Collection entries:
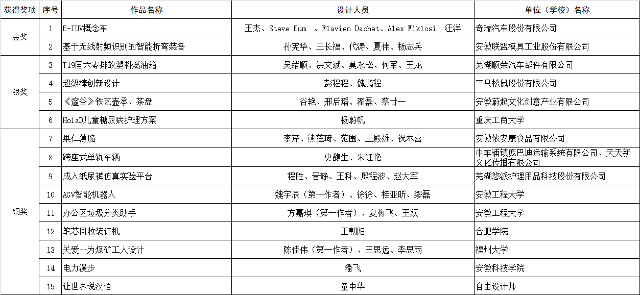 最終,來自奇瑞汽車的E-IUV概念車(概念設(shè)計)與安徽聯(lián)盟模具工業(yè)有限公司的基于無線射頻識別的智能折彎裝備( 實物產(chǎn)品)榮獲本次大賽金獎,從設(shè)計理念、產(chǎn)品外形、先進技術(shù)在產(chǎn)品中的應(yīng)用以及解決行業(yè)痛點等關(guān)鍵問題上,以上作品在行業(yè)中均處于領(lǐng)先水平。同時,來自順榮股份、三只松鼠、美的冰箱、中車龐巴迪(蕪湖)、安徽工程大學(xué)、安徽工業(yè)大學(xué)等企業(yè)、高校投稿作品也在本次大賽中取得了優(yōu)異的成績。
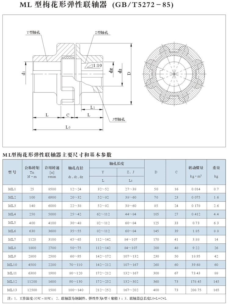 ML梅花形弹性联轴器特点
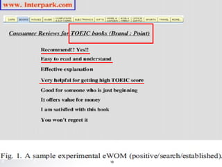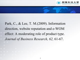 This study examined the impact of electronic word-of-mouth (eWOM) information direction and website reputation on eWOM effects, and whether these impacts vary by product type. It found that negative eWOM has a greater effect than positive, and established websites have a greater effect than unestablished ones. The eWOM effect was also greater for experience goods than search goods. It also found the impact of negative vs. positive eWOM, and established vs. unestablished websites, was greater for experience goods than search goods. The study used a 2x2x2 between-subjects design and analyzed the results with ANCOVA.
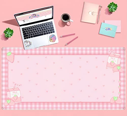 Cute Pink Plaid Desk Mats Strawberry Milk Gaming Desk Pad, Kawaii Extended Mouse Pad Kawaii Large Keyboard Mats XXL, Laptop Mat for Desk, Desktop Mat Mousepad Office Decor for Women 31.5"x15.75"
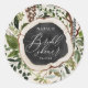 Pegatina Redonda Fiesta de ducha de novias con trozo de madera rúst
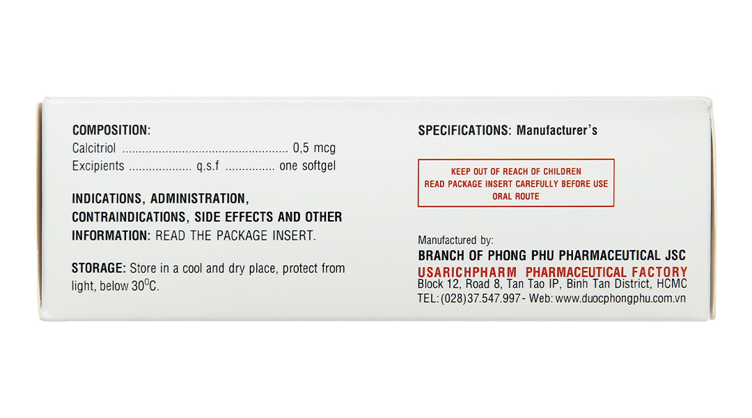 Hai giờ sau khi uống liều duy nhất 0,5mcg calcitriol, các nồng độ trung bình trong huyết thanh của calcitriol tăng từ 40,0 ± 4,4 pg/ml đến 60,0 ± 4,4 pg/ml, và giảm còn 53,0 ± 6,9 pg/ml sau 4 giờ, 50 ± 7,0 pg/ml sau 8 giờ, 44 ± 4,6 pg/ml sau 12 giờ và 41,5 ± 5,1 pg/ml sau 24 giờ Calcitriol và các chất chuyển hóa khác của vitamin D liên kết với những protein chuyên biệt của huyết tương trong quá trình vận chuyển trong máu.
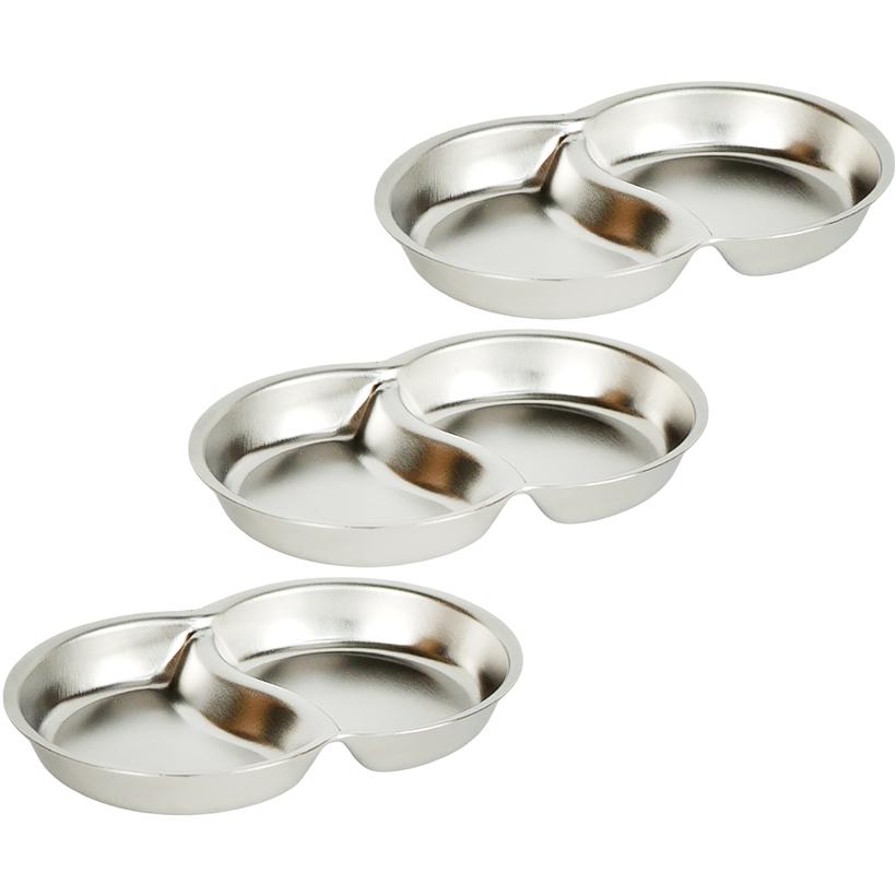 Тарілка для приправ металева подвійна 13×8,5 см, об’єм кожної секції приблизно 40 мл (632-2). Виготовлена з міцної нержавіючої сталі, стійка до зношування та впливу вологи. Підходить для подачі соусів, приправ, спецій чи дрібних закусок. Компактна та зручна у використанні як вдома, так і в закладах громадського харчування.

## To do:
Give the data above again exactly. Leave the pictures out.

## Solved exercise:
 最終,來自奇瑞汽車的E-IUV概念車(概念設(shè)計)與安徽聯(lián)盟模具工業(yè)有限公司的基于無線射頻識別的智能折彎裝備( 實物產(chǎn)品)榮獲本次大賽金獎,從設(shè)計理念、產(chǎn)品外形、先進技術(shù)在產(chǎn)品中的應(yīng)用以及解決行業(yè)痛點等關(guān)鍵問題上,以上作品在行業(yè)中均處于領(lǐng)先水平。同時,來自順榮股份、三只松鼠、美的冰箱、中車龐巴迪(蕪湖)、安徽工程大學(xué)、安徽工業(yè)大學(xué)等企業(yè)、高校投稿作品也在本次大賽中取得了優(yōu)異的成績。
 ML梅花形弹性联轴器特点
 This study examined the impact of electronic word-of-mouth (eWOM) information direction and website reputation on eWOM effects, and whether these impacts vary by product type. It found that negative eWOM has a greater effect than positive, and established websites have a greater effect than unestablished ones. The eWOM effect was also greater for experience goods than search goods. It also found the impact of negative vs. positive eWOM, and established vs. unestablished websites, was greater for experience goods than search goods. The study used a 2x2x2 between-subjects design and analyzed the results with ANCOVA.
 Cute Pink Plaid Desk Mats Strawberry Milk Gaming Desk Pad, Kawaii Extended Mouse Pad Kawaii Large Keyboard Mats XXL, Laptop Mat for Desk, Desktop Mat Mousepad Office Decor for Women 31.5"x15.75"
 Pegatina Redonda Fiesta de ducha de novias con trozo de madera rúst
 Hai giờ sau khi uống liều duy nhất 0,5mcg calcitriol, các nồng độ trung bình trong huyết thanh của calcitriol tăng từ 40,0 ± 4,4 pg/ml đến 60,0 ± 4,4 pg/ml, và giảm còn 53,0 ± 6,9 pg/ml sau 4 giờ, 50 ± 7,0 pg/ml sau 8 giờ, 44 ± 4,6 pg/ml sau 12 giờ và 41,5 ± 5,1 pg/ml sau 24 giờ Calcitriol và các chất chuyển hóa khác của vitamin D liên kết với những protein chuyên biệt của huyết tương trong quá trình vận chuyển trong máu.
 Тарілка для приправ металева подвійна 13×8,5 см, об’єм кожної секції приблизно 40 мл (632-2). Виготовлена з міцної нержавіючої сталі, стійка до зношування та впливу вологи. Підходить для подачі соусів, приправ, спецій чи дрібних закусок. Компактна та зручна у використанні як вдома, так і в закладах громадського харчування.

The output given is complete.